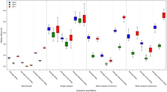 This box plot illustrates the distribution of delays for different airports and scenarios. The Y-axis represents the delay values in seconds, while the X-axis categorizes the data by four scenarios: “benchmark,” “single airport,” “multi-airport minimum,” and “multi-airport maximum.” Each scenario is further divided into three metrics: “average delay,” “average arrival delay,” and “average departure delay.” Different airports are distinguished by color: Beijing Capital International Airport (ZBAA) in blue, Beijing Daxing International Airport (ZBAD) in green, and Tianjin Binhai International Airport (ZBTJ) in red. The central line within each box represents the median, while the top and bottom boundaries of the box denote the upper and lower quartiles, respectively. The whiskers extend to the minimum and maximum values within 1.5 times the interquartile range (IQR), and any points outside this range are marked as outliers. Scene names are displayed below the second metric of each scene for clarity. This visualization allows for a clear comparison of delay patterns across different airports and scenarios, highlighting variations and potential outliers.
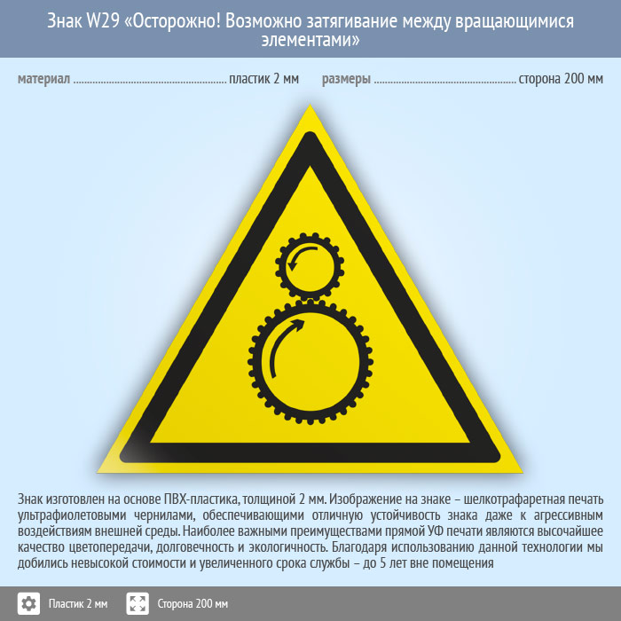 Знак W29 «Осторожно! возможно затягивание между вращающимися элементами» (пластик, сторона 200 мм) в Ижевске купить
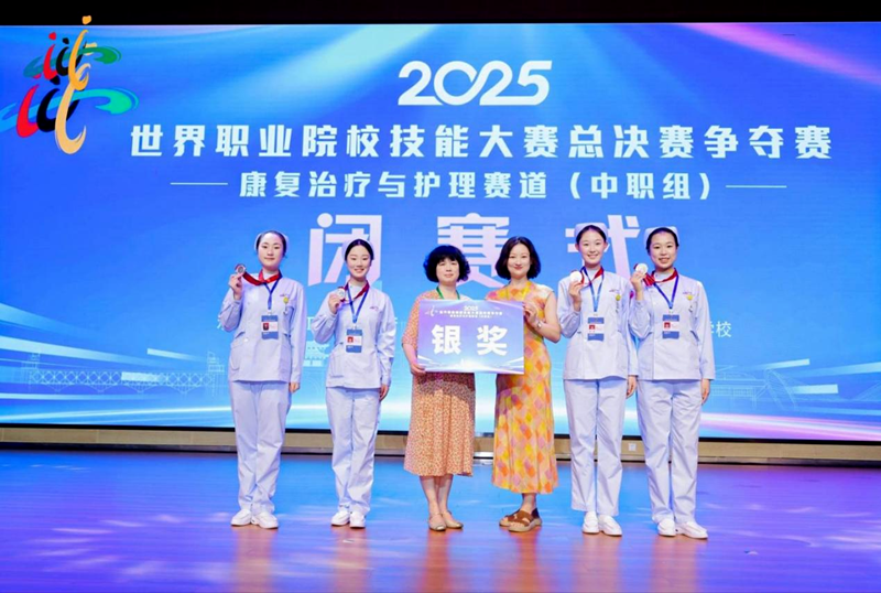 世界职业院校技能大赛由教育部、发展改革委等多部委共同主办,大赛坚持“以高水平赛事推动职业教育高质量发展”,康复治疗与护理赛道(中职)共汇聚了来自全国的86支顶尖代表队,由王艳、马丽两位老师精心指导的学生李佳源、姜昱卉、董相滢、赵佳艺同学组成的参赛队,凭借扎实的专业功底、精心的赛前准备与出色的临场发挥,成功斩获大赛银奖,为学校技能大赛获奖荣誉再添浓墨重彩的一笔!
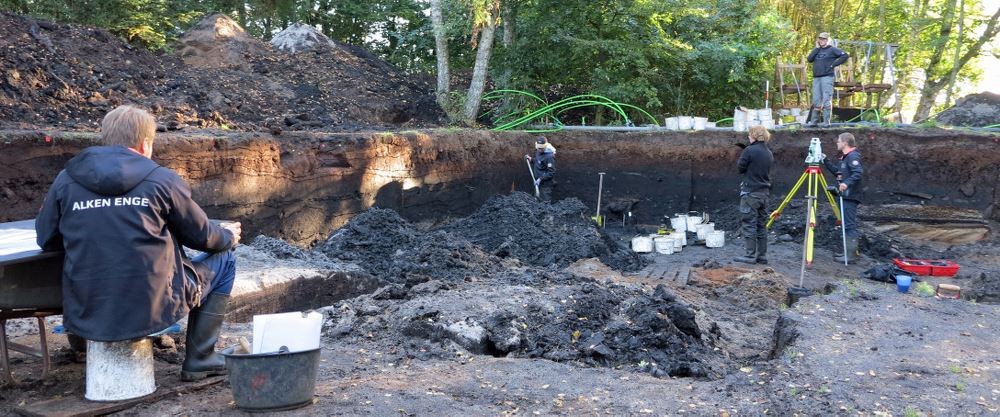 The 2013 excavations at Alken Wetlands lasted from July 15th to September 20th. The weather was fine without being too hot. Once the preliminary preparations such as the establishment of offices and staff facilities, the building of a bridge across the channel, water pumps and electricity were in place, the excavations continued from where we had left off the previous year. Part of the 2012 excavation area was re-dug in order to provide us with a workplace from which we could open new areas for investigation.
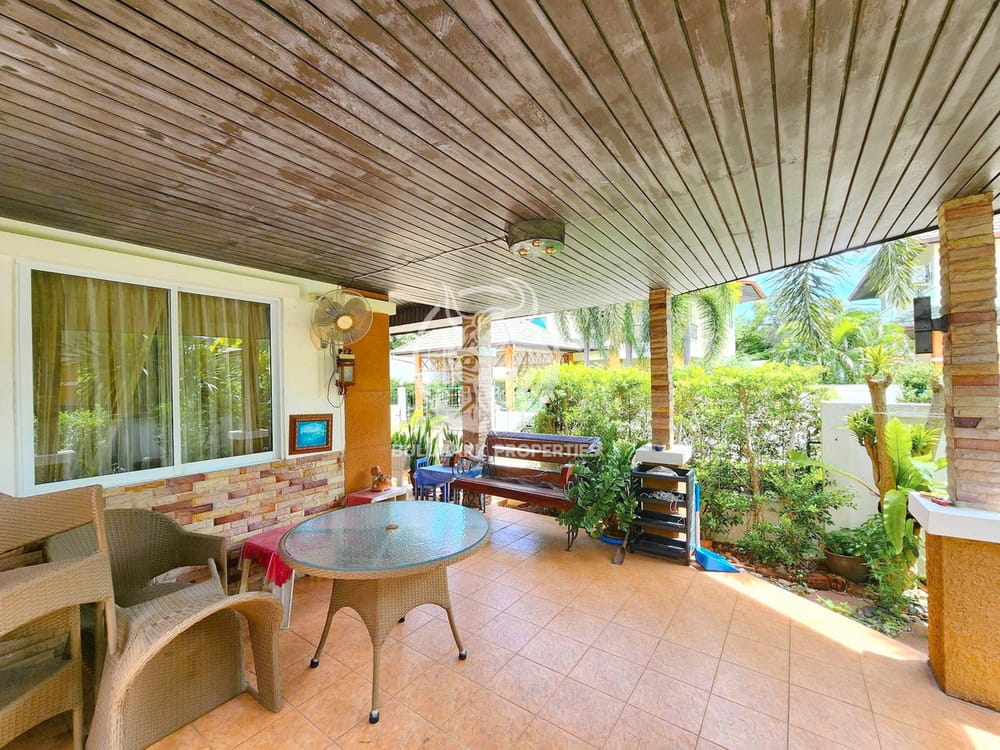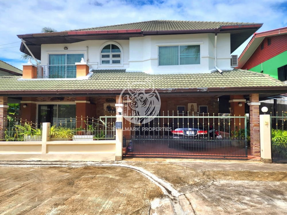 Discover your dream home in this stunning 3-bedroom house located in the prestigious Green Field Villa 2, East Pattaya. Boasting a generous living area of 270 sqm and set on a spacious land area of 340 sqm, this property offers ample space for comfortable living. Enjoy breathtaking city views from the terrace, perfect for relaxing or entertaining guests. The home features modern amenities including air conditioning, a European kitchen equipped with a kitchen hood, oven, and microwave, as well as a separate Thai kitchen, making it ideal for culinary enthusiasts. Each bedroom is accompanied by an en-suite bathroom, ensuring privacy and convenience for all occupants. The house is part of a gated community with 24/7 security, providing peace of mind for your family. Enjoy an active lifestyle with access to a communal swimming pool, gym, and nearby golf course. Additional features include a barbecue area, children's play area, and parking space. Located conveniently near main roads, shops, markets, hospitals, schools, and restaurants, this property combines luxury with practicality. Don't miss your chance to own this exceptional residence in a vibrant neighborhood.
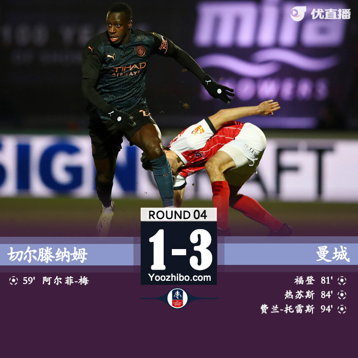 优直播1月24日讯 北京时间1月24日01:30,足总杯第4轮继续进行,曼城客场挑战英乙球队切尔滕纳姆。上半场,B-门迪的射门被托泽尔在门线上解围。下半场,阿尔菲-梅利用界外球战术打进1球,福登和热苏斯连入两球逆转比分,补时阶段费兰-托雷斯再入1球锁定胜局。最终,曼城3-1客场逆转切尔滕纳姆,顺利晋级16强。
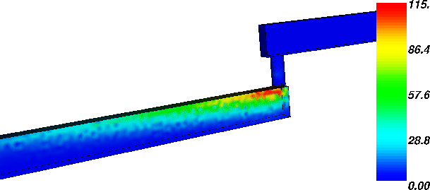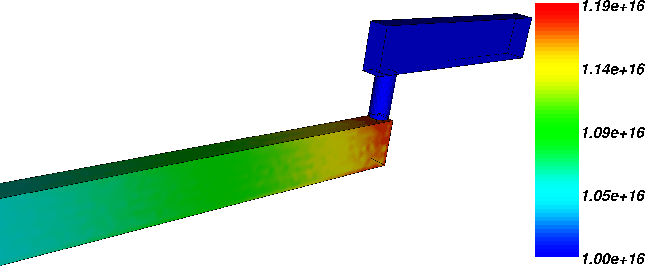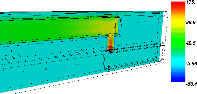 The vacancy concentration and the stress distribution for the downstream case are shown in Figure 5.27 and Figure 5.28, respectively. The main difference here is that the peak of the hydrostatic stress is not located right underneath the via, but is shifted to its edge, where there is an intersection between the copper, the capping layer, and the barrier layer. Since this intersection is likely to be a site of weak adhesion, void nucleation should occur at this edge, instead right underneath the via. This is in agreement with the observations commonly made in electromigration experiments [24].

Assigned task | Each record must be repeated exactly, and no picture may be carried over.

Output |
 This box plot illustrates the distribution of delays for different airports and scenarios. The Y-axis represents the delay values in seconds, while the X-axis categorizes the data by four scenarios: “benchmark,” “single airport,” “multi-airport minimum,” and “multi-airport maximum.” Each scenario is further divided into three metrics: “average delay,” “average arrival delay,” and “average departure delay.” Different airports are distinguished by color: Beijing Capital International Airport (ZBAA) in blue, Beijing Daxing International Airport (ZBAD) in green, and Tianjin Binhai International Airport (ZBTJ) in red. The central line within each box represents the median, while the top and bottom boundaries of the box denote the upper and lower quartiles, respectively. The whiskers extend to the minimum and maximum values within 1.5 times the interquartile range (IQR), and any points outside this range are marked as outliers. Scene names are displayed below the second metric of each scene for clarity. This visualization allows for a clear comparison of delay patterns across different airports and scenarios, highlighting variations and potential outliers.
 Знак W29 «Осторожно! возможно затягивание между вращающимися элементами» (пластик, сторона 200 мм) в Ижевске купить
 世界职业院校技能大赛由教育部、发展改革委等多部委共同主办,大赛坚持“以高水平赛事推动职业教育高质量发展”,康复治疗与护理赛道(中职)共汇聚了来自全国的86支顶尖代表队,由王艳、马丽两位老师精心指导的学生李佳源、姜昱卉、董相滢、赵佳艺同学组成的参赛队,凭借扎实的专业功底、精心的赛前准备与出色的临场发挥,成功斩获大赛银奖,为学校技能大赛获奖荣誉再添浓墨重彩的一笔!
 The 2013 excavations at Alken Wetlands lasted from July 15th to September 20th. The weather was fine without being too hot. Once the preliminary preparations such as the establishment of offices and staff facilities, the building of a bridge across the channel, water pumps and electricity were in place, the excavations continued from where we had left off the previous year. Part of the 2012 excavation area was re-dug in order to provide us with a workplace from which we could open new areas for investigation.
 Discover your dream home in this stunning 3-bedroom house located in the prestigious Green Field Villa 2, East Pattaya. Boasting a generous living area of 270 sqm and set on a spacious land area of 340 sqm, this property offers ample space for comfortable living. Enjoy breathtaking city views from the terrace, perfect for relaxing or entertaining guests. The home features modern amenities including air conditioning, a European kitchen equipped with a kitchen hood, oven, and microwave, as well as a separate Thai kitchen, making it ideal for culinary enthusiasts. Each bedroom is accompanied by an en-suite bathroom, ensuring privacy and convenience for all occupants. The house is part of a gated community with 24/7 security, providing peace of mind for your family. Enjoy an active lifestyle with access to a communal swimming pool, gym, and nearby golf course. Additional features include a barbecue area, children's play area, and parking space. Located conveniently near main roads, shops, markets, hospitals, schools, and restaurants, this property combines luxury with practicality. Don't miss your chance to own this exceptional residence in a vibrant neighborhood.
 优直播1月24日讯 北京时间1月24日01:30,足总杯第4轮继续进行,曼城客场挑战英乙球队切尔滕纳姆。上半场,B-门迪的射门被托泽尔在门线上解围。下半场,阿尔菲-梅利用界外球战术打进1球,福登和热苏斯连入两球逆转比分,补时阶段费兰-托雷斯再入1球锁定胜局。最终,曼城3-1客场逆转切尔滕纳姆,顺利晋级16强。
 The vacancy concentration and the stress distribution for the downstream case are shown in Figure 5.27 and Figure 5.28, respectively. The main difference here is that the peak of the hydrostatic stress is not located right underneath the via, but is shifted to its edge, where there is an intersection between the copper, the capping layer, and the barrier layer. Since this intersection is likely to be a site of weak adhesion, void nucleation should occur at this edge, instead right underneath the via. This is in agreement with the observations commonly made in electromigration experiments [24].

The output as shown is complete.